Стойбище, судя по всему, было походным – вряд ли оно располагалось здесь больше нескольких суток. В жилища заглядывать Семен не рискнул и ограничился наружными наблюдениями, благо жизнь туземцев проходила, в основном, на открытом воздухе: «Оружие, утварь, инструменты из камня, кости, дерева и кожи. Некоторые режущие приспособления изготовлены в стиле „вкладышей", то есть тонких кремневых отщепов, вставленных в „обойму". Признаков сыроделия не наблюдается – молоко, похоже, просто пьют. Питаются молоком и мясом, но и, кажется, всякими травками-корешками не брезгуют. Судя по костям и рогам, которые валяются где попало, охотятся на лошадей, бизонов и оленей. Своих туров тоже едят, но их рога не выбрасывают, а используют в качестве украшений. Кроме того, из них делают некое подобие черпаков и бокалов для питья. Мясо варят в кожаных котлах знакомым способом – опуская в них раскаленные камни. Одежда двух видов – из шкур и… вязаная, из шерстяных нитей! Вот умение вязать нам бы пригодилось – этим может заниматься любая женщина без всякого ткацкого станка!»

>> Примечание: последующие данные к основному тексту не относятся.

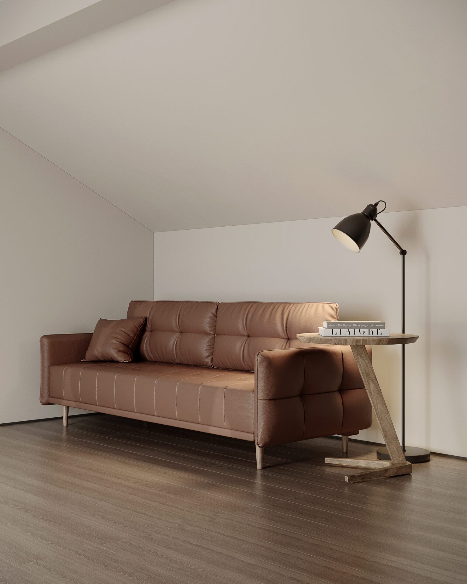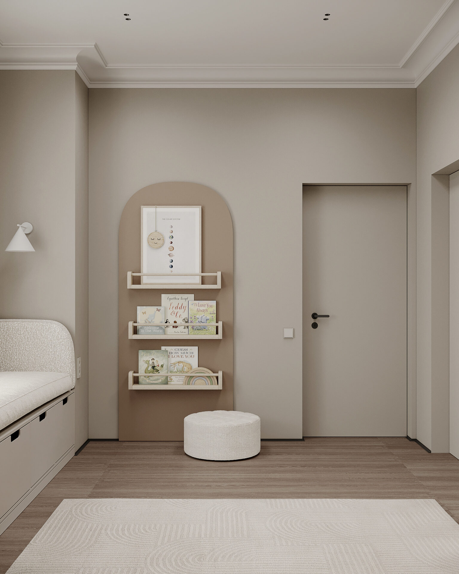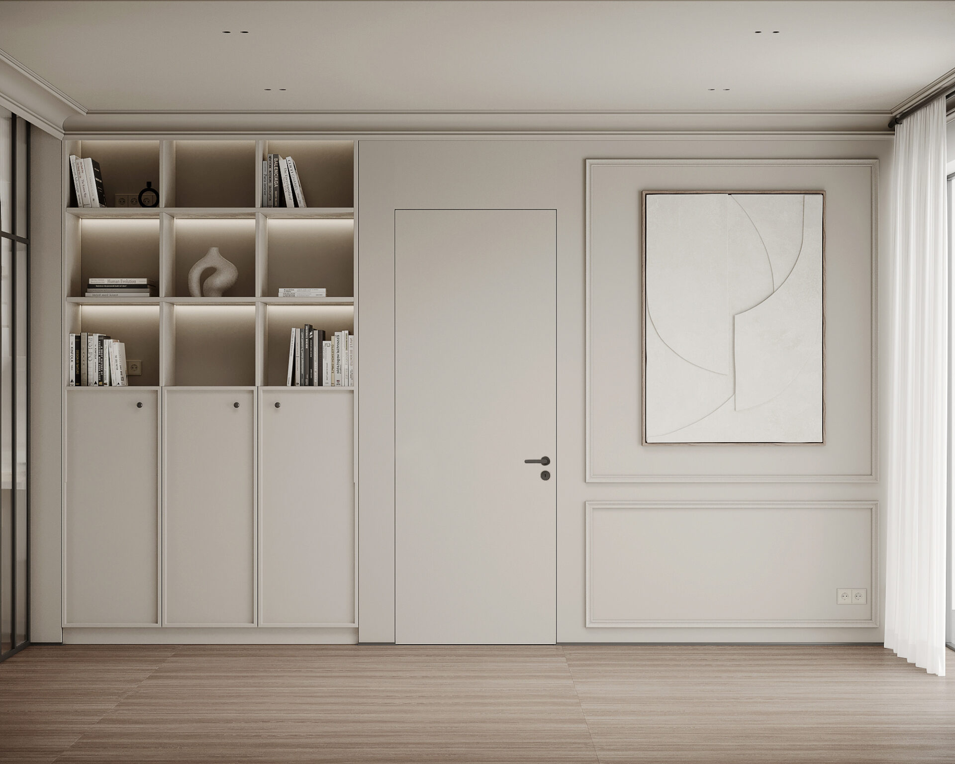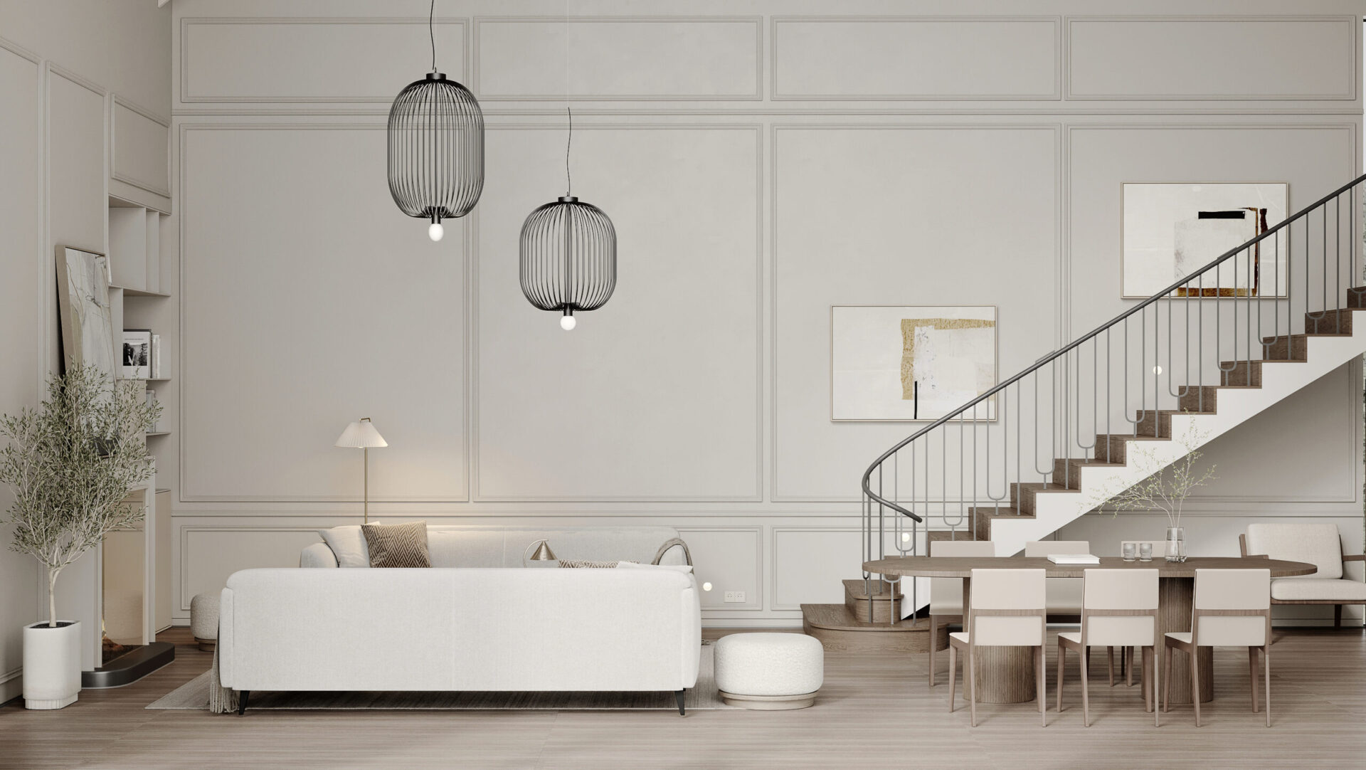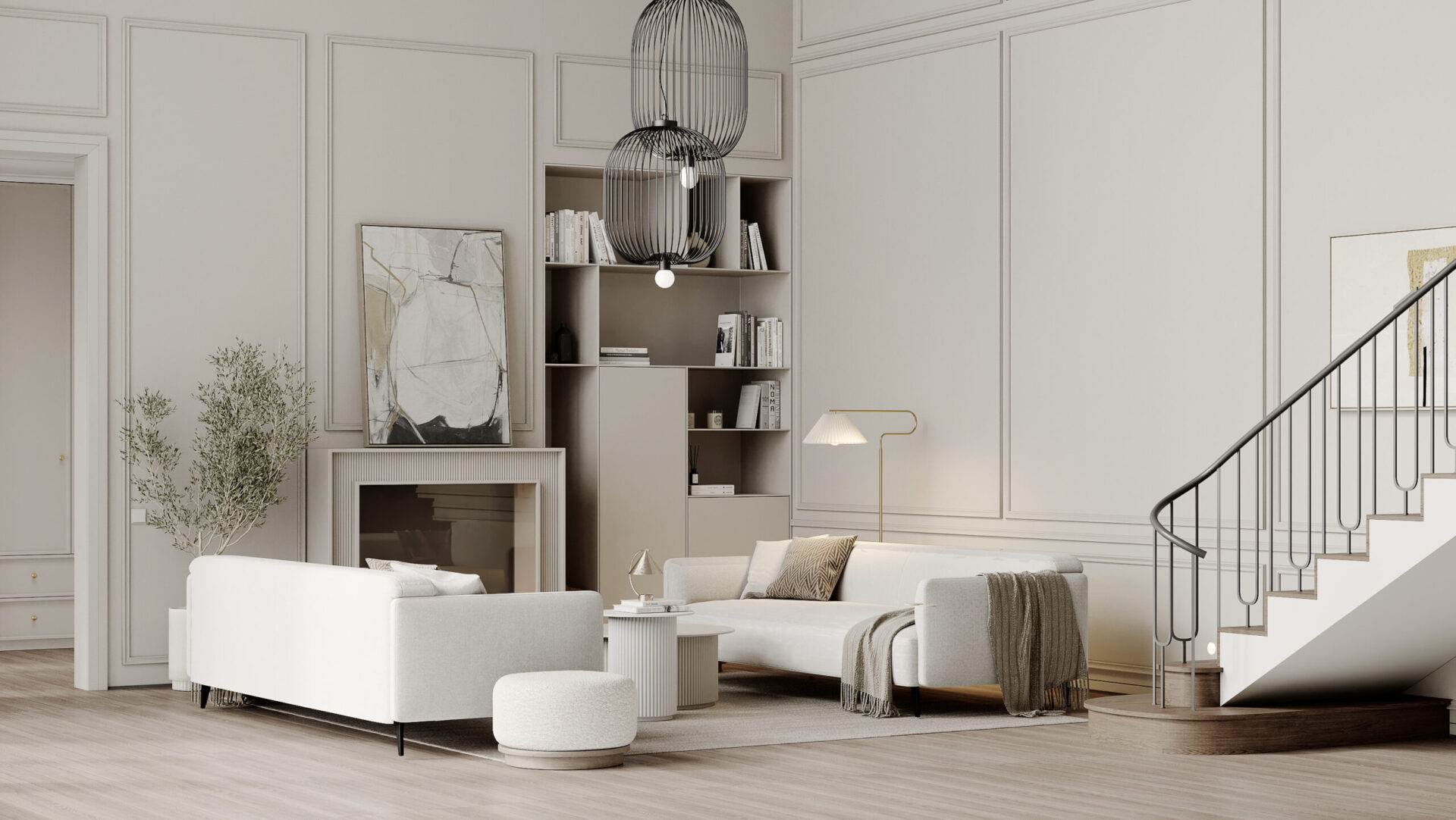 Будинок у стилі фахверк. Інтер’єр цього будинку розроблявся паралельно з архітектурним проєктом. В основу концепції лягла американська класика та елементи мінімалізму. Простір поділений на три зони: гостьову – для спільного проведення часу, приватну – з окремими спальнями та санвузлами, а також робочу – з окремими кабінетами.

Бродить Семену быстро надоело, и он взялся за своего охранника. Однако на вопросы парень не отвечал или отделывался односложными репликами, на «ментальный» контакт идти отказывался, словно понимал, что это такое. Оставалось самому строить догадки и предположения: «Это место, по-видимому, просто пастбище, где пасется стадо. Только оно, наверное, размазано на несколько километров в округе. Отсюда видно в разных местах с полсотни животных. Они щиплют травку и, наверное, кусты. В лес заходят совершенно непринужденно – они там, наверное, тоже что-то едят. Коровы с телятами держатся группами, а быки поодиночке или вдвоем-втроем. Никто их вроде бы специально не пасет и не охраняет, хотя людишки вдали мелькают…»
Пока Семен бродил по стойбищу, пока любовался окрестными пейзажами, прошел, наверное, не один час. Время от времени к охраннику приближался какой-нибудь воин, задавал ему один и тот же вопрос и получал отрицательный ответ. После этого человек удивленно смотрел на Семена и удалялся. В конце концов, то ли солнечные тени заняли нужное положение, то ли поступил какой-то сигнал, только охранник вдруг начал проявлять активность – требовать, чтобы Семен куда-то отправился. Как выяснилось, все туда же – к вигваму старейшины. У входа стоял знакомый рогатый предводитель отряда. Он откинул клапан и сделал приглашающий жест – дескать, заходи!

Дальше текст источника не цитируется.